▸ EXERCISE AIM
Retype the whole listing below exactly, keeping every picture out of it.

▸ RAW DATA

'''

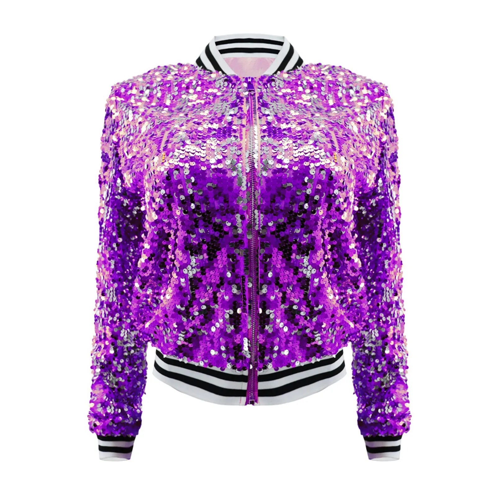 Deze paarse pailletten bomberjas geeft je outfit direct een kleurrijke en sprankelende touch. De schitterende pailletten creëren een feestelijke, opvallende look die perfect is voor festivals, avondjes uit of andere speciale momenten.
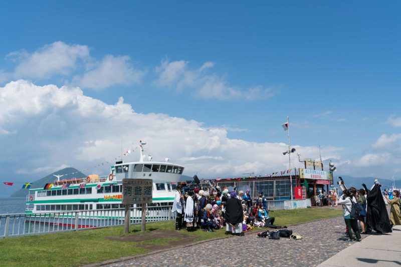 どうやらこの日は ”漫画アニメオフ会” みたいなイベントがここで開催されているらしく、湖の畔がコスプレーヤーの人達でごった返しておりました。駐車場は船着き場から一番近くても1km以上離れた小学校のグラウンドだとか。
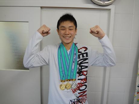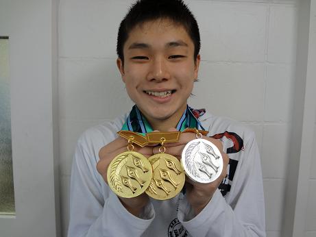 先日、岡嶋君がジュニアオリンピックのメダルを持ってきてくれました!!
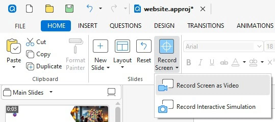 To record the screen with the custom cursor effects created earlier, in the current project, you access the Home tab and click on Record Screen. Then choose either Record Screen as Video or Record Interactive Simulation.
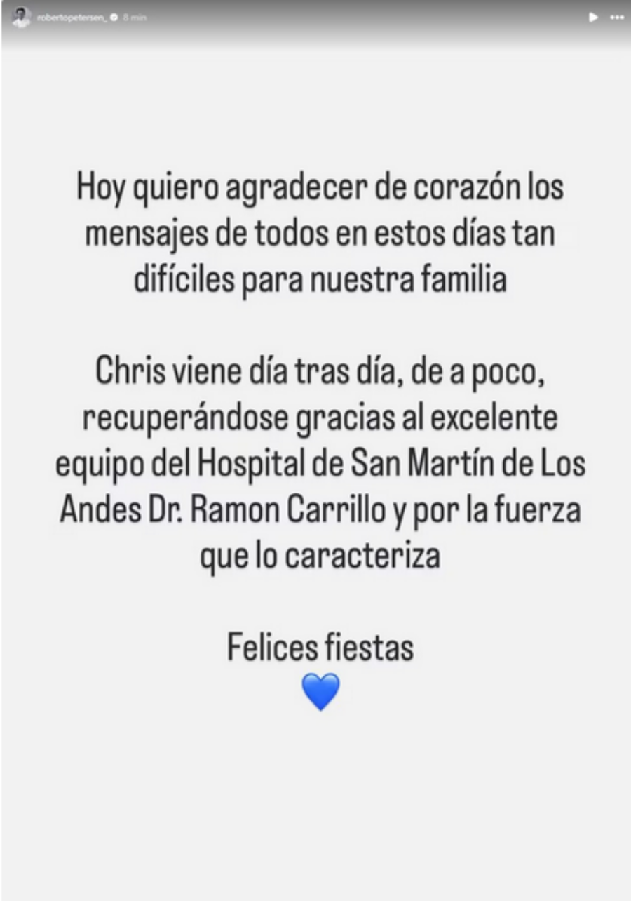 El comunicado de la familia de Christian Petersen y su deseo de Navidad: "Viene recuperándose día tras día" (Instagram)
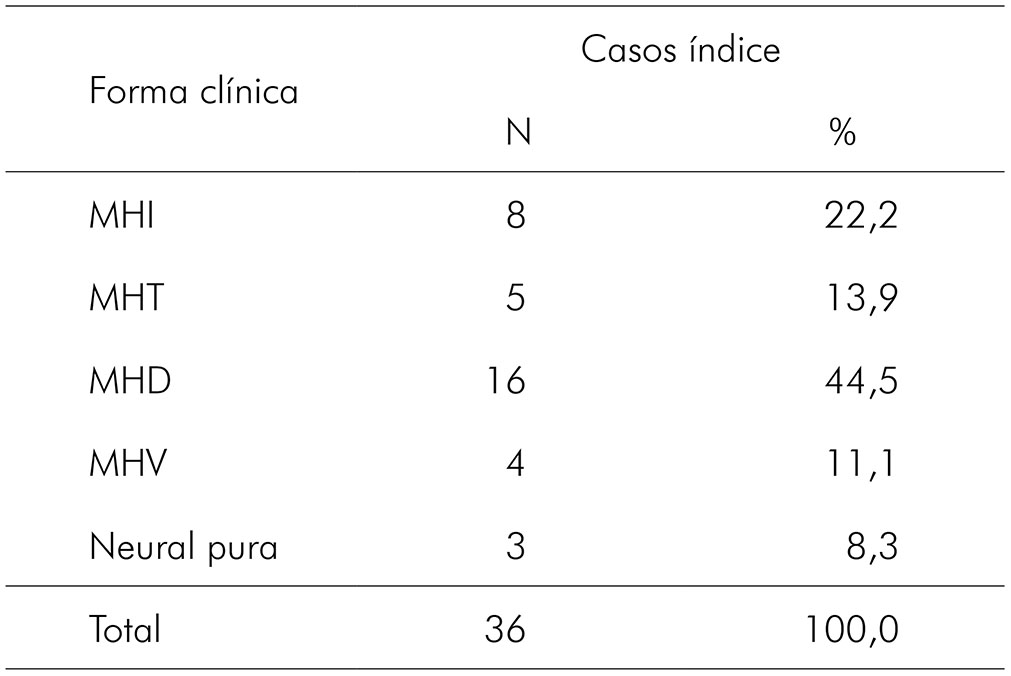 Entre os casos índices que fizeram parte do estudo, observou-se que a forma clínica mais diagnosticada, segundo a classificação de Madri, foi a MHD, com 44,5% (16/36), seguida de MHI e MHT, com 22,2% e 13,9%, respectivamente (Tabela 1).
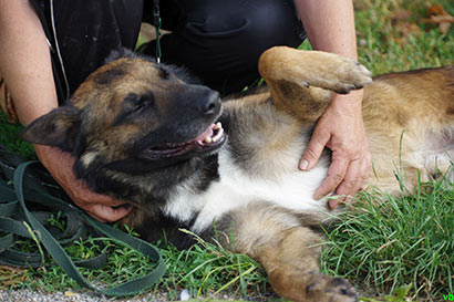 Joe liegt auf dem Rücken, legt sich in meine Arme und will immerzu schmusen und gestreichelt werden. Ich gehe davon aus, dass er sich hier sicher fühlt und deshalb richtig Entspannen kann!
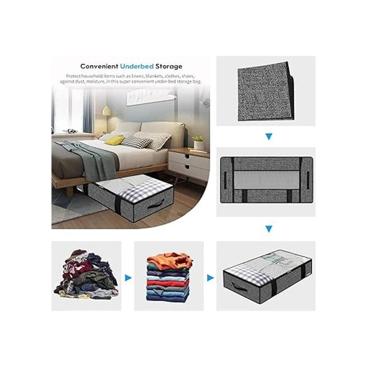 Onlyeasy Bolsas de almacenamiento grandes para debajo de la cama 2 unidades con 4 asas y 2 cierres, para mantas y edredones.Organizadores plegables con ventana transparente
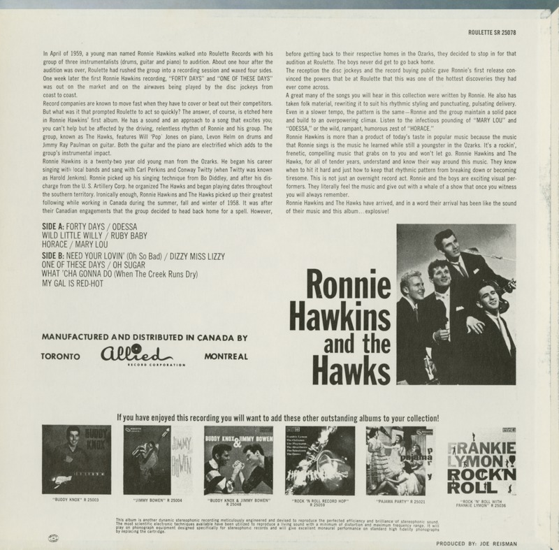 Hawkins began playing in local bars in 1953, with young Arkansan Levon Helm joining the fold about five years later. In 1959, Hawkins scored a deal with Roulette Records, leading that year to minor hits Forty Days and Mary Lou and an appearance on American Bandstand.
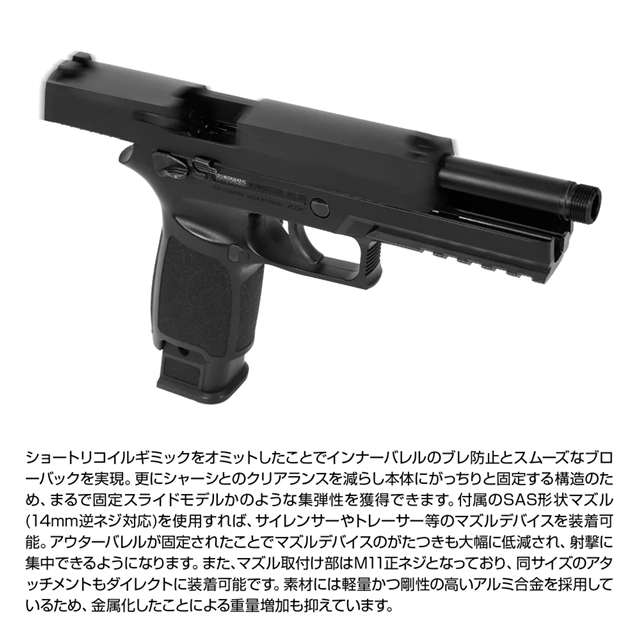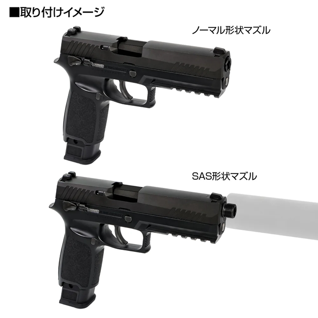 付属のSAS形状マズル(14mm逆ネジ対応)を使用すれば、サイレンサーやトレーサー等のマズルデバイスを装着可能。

'''

▸ OUTPUT OF THE TASK
 Deze paarse pailletten bomberjas geeft je outfit direct een kleurrijke en sprankelende touch. De schitterende pailletten creëren een feestelijke, opvallende look die perfect is voor festivals, avondjes uit of andere speciale momenten.
 どうやらこの日は ”漫画アニメオフ会” みたいなイベントがここで開催されているらしく、湖の畔がコスプレーヤーの人達でごった返しておりました。駐車場は船着き場から一番近くても1km以上離れた小学校のグラウンドだとか。
 先日、岡嶋君がジュニアオリンピックのメダルを持ってきてくれました!!
 To record the screen with the custom cursor effects created earlier, in the current project, you access the Home tab and click on Record Screen. Then choose either Record Screen as Video or Record Interactive Simulation.
 El comunicado de la familia de Christian Petersen y su deseo de Navidad: "Viene recuperándose día tras día" (Instagram)
 Entre os casos índices que fizeram parte do estudo, observou-se que a forma clínica mais diagnosticada, segundo a classificação de Madri, foi a MHD, com 44,5% (16/36), seguida de MHI e MHT, com 22,2% e 13,9%, respectivamente (Tabela 1).
 Joe liegt auf dem Rücken, legt sich in meine Arme und will immerzu schmusen und gestreichelt werden. Ich gehe davon aus, dass er sich hier sicher fühlt und deshalb richtig Entspannen kann!
 Onlyeasy Bolsas de almacenamiento grandes para debajo de la cama 2 unidades con 4 asas y 2 cierres, para mantas y edredones.Organizadores plegables con ventana transparente
 Hawkins began playing in local bars in 1953, with young Arkansan Levon Helm joining the fold about five years later. In 1959, Hawkins scored a deal with Roulette Records, leading that year to minor hits Forty Days and Mary Lou and an appearance on American Bandstand.
 付属のSAS形状マズル(14mm逆ネジ対応)を使用すれば、サイレンサーやトレーサー等のマズルデバイスを装着可能。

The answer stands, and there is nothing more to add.